Their beloved mother and grandmother is dead. Shi, a 75-year-old mother of three, moved here from China in 1999 to help care for Pan’s first child. After living with her son and his family for years, she recently moved into an apartment of her own. Active in her church, she was learning Cantonese and had even begun to pick up piano. She was healthy and loved.
On the morning of Sept. 10, 2012, she was walking to meet a friend before heading over to visit her son.
She never arrived. At 11 a.m., a Toronto Police officer knocked on Pan’s door with the horrible news.
There is no doubt this was an accident, that the driver never intended to kill that poor woman. While Wyganowski remained silent, her lawyer expressed her remorse. She doesn’t deserve to be locked away in jail for years. But a $400 fine?
Court heard the 54-year-old vice-president of HZX Business Continuity Planning was turning north out of her chiropractor’s driveway and looking left at the traffic when she struck and then ran over Shi. She continued driving until honking witnesses finally alerted her to what she’d done and she returned to the scene.
Wyganowski was charged with careless driving. But to the shock of Shi’s children, Crown attorney Raphael Leong informed them just before Mother’s Day that he was going to accept a deal: The careless driving charge would be dropped in return for her guilty plea to Section 139 (1) of the Highway Traffic Act — failure to yield from a private roadway, which carries a maximum $500 fine.
They were justifiably outraged. “We cried. We begged him: What kind of evidence do you need to go through with a trial?” Pan recalled. “But they want to close the case and we have no say.”
They spent the last few months trying to change his mind. But Leong told them he represents the Crown — not the victims — and they can hire a civil lawyer and sue.
“That’s not what we want,” said the exasperated Pan, a data architect for the education ministry. “My mom got killed. She needs a fair judgment. For the prosecutor, he needs to prevent this from happening again. Every year, so many pedestrians get killed. A $400 fine won’t do anything to change that.”

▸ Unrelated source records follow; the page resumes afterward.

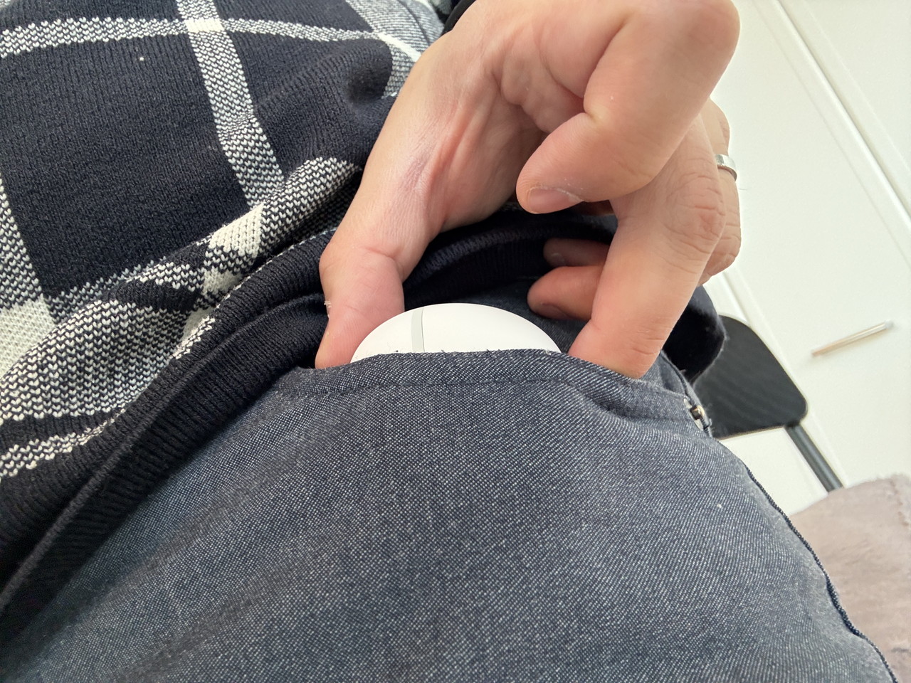 ▼コンパクトかつ薄型のため、ズボンのポケット等にも簡単に収まる。
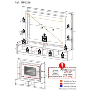 *Devido as variações de tamanho dos televisores no mercado, sugerimos que verifique as medidas da sua TV e compare com o painel antes de efetuar a compra.
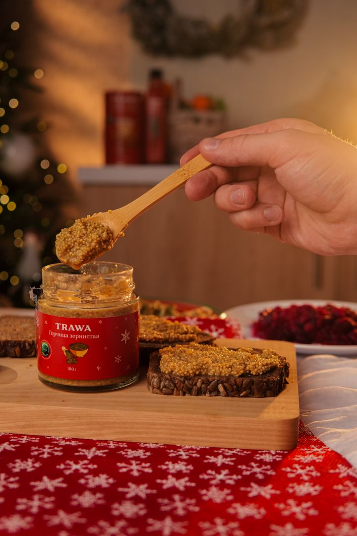 Используйте горчицу TRAWA как заправку для салатов, дополнение к горячим блюдам из овощей и мяса, для брускетт или просто ешьте её ложкой из банки — фантазируйте!
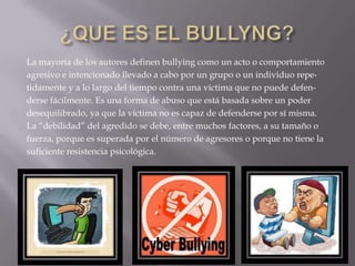 El documento describe el bullying y el ciberbullying. Define el bullying como un acto agresivo repetido contra una víctima que no puede defenderse. Explica que existen dos formas de bullying: directo e indirecto. Además, describe cómo afecta el bullying a las víctimas física y psicológicamente. Define el ciberbullying como una forma de acoso verbal y escrito a través de medios electrónicos como mensajes y publicaciones en línea. Explica las siete categorías de ciberbullying y cómo, a diferencia del bullying tradicional, el
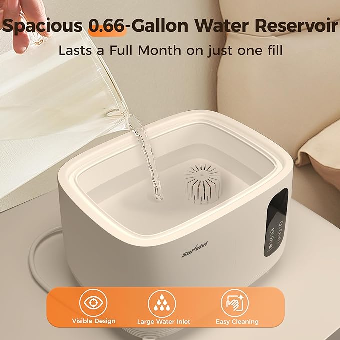 - Ample Tank & Enhanced Filtration: The large-capacity, visible water tank requires infrequent refilling (a full tank lasting about a month), and the easy-to-open design facilitates cleaning. Engineered with a filtration box structure using filter stones for deep purification.
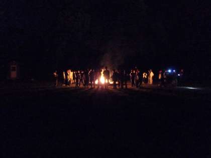 5年生 林間学習 公開日 2025/07/26 更新日 2025/07/26 学校行事 キャンプファイヤーその2! 火はあっという間に空高く燃え上がり、大きな火柱となりました。 火を囲んで、チャンツ(遊び)をしたり、歌ったり、出し物をしたり…。 真っ暗になるまで、楽しみました。 空には北斗七星が!よく見つけたね! いいね(0)
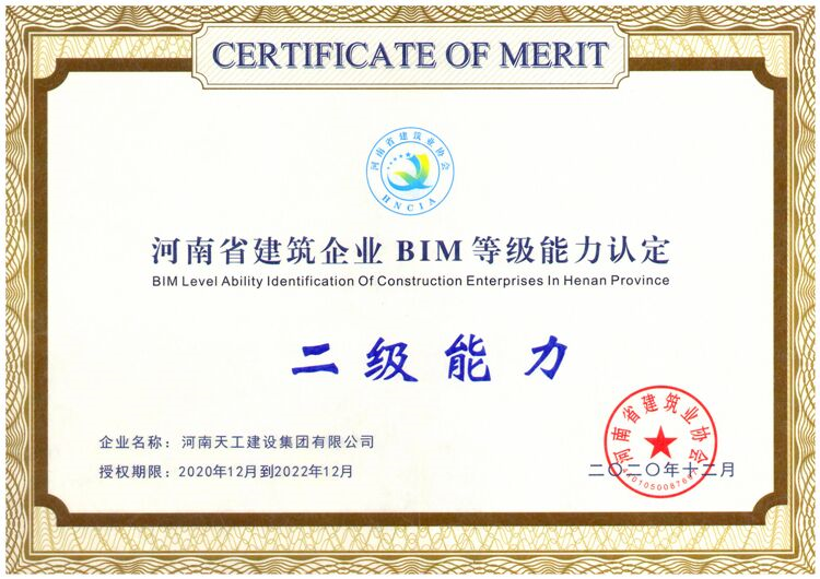 近日,河南省建筑业协会下发豫建协〔2020〕102号文《关于公布2020年河南省建筑企业“具备BIM技术应用能力”等级认定结果的通知》,河南天工建设集团有限公司BIM能力被认定为“河南省建筑企业BIM等级能力认定二级能力”。
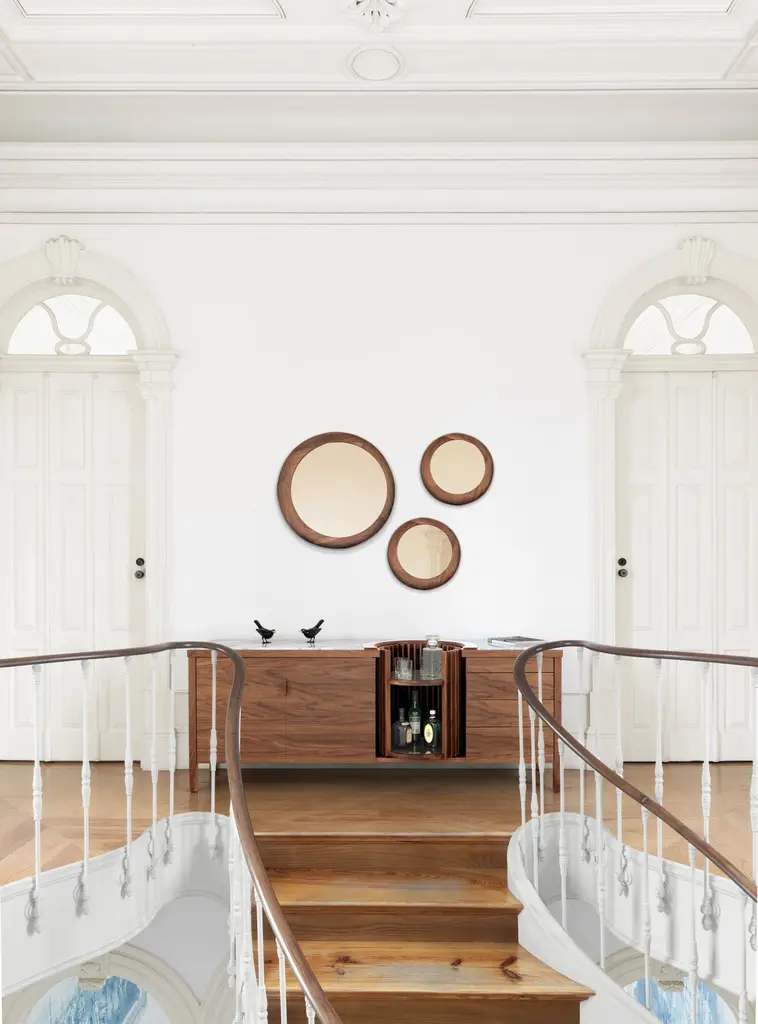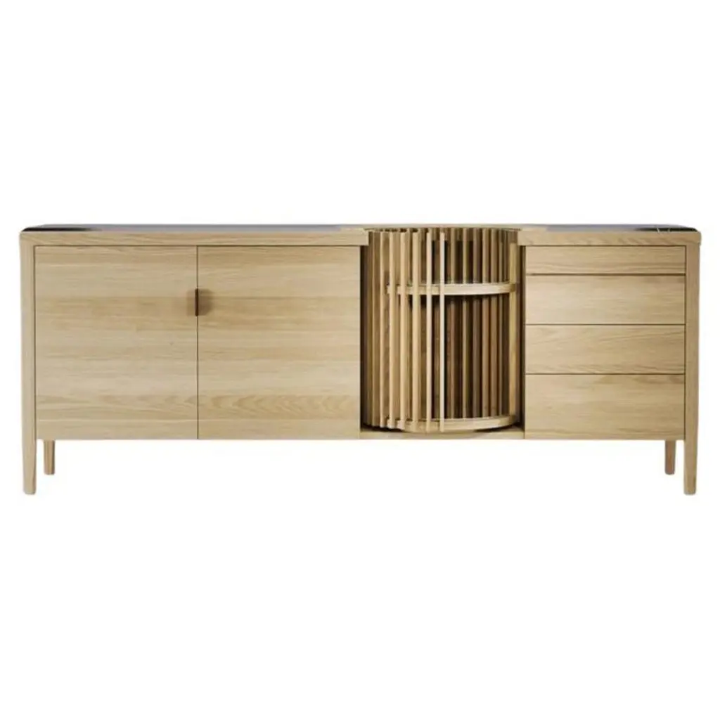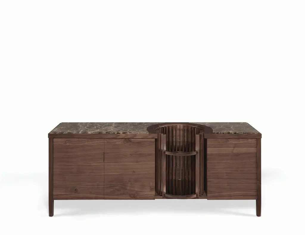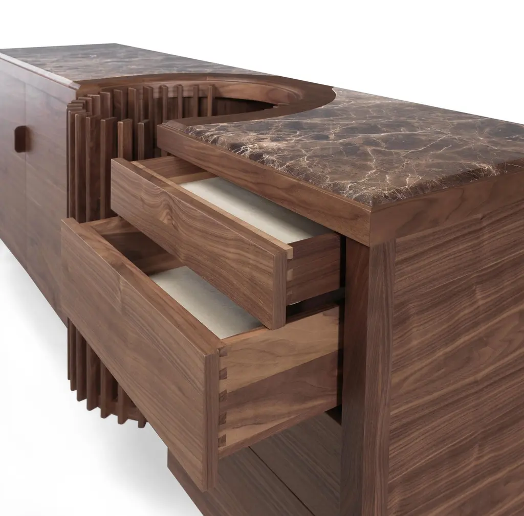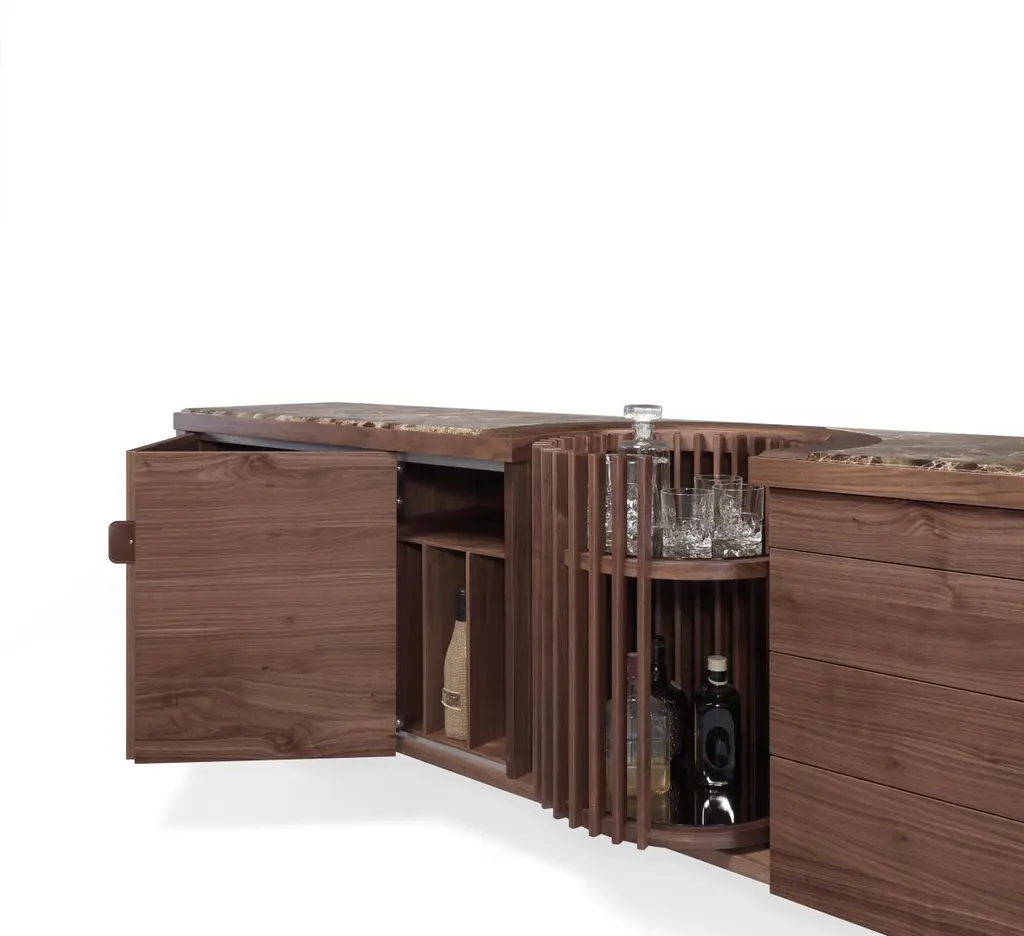 Very elegant and solid walnut frame sideboard with a beautiful marble top in Calacata or brown emperor option and a turntable bar in the middle.Packed in a plywood box.

But this is assembly line justice, where expediency and saving court time and money is the order of the day. Pan stumbled out of the Old City Hall courthouse, devastated by how little the justice system cared about his innocent mother.
“Human life has virtually no value,” said Pan. “To us, it’s like he killed our mother a second time and it’s even worse because it’s on purpose.”
Family devastated after driver fined $400 for killing grandmother | Toronto & GTA | News | Toronto Sun
That has to be one of the most ignorant statements ever expressed by a judge that I've heard. It's disgusting.But he was shaking with anger as justice of the peace Alfred Johnston not only accepted the plea deal, but had the nerve to chastise him for saying the driver had “killed” his mom. And then he went further. “The defendant,” Johnston opined, “has suffered just as much as the family.”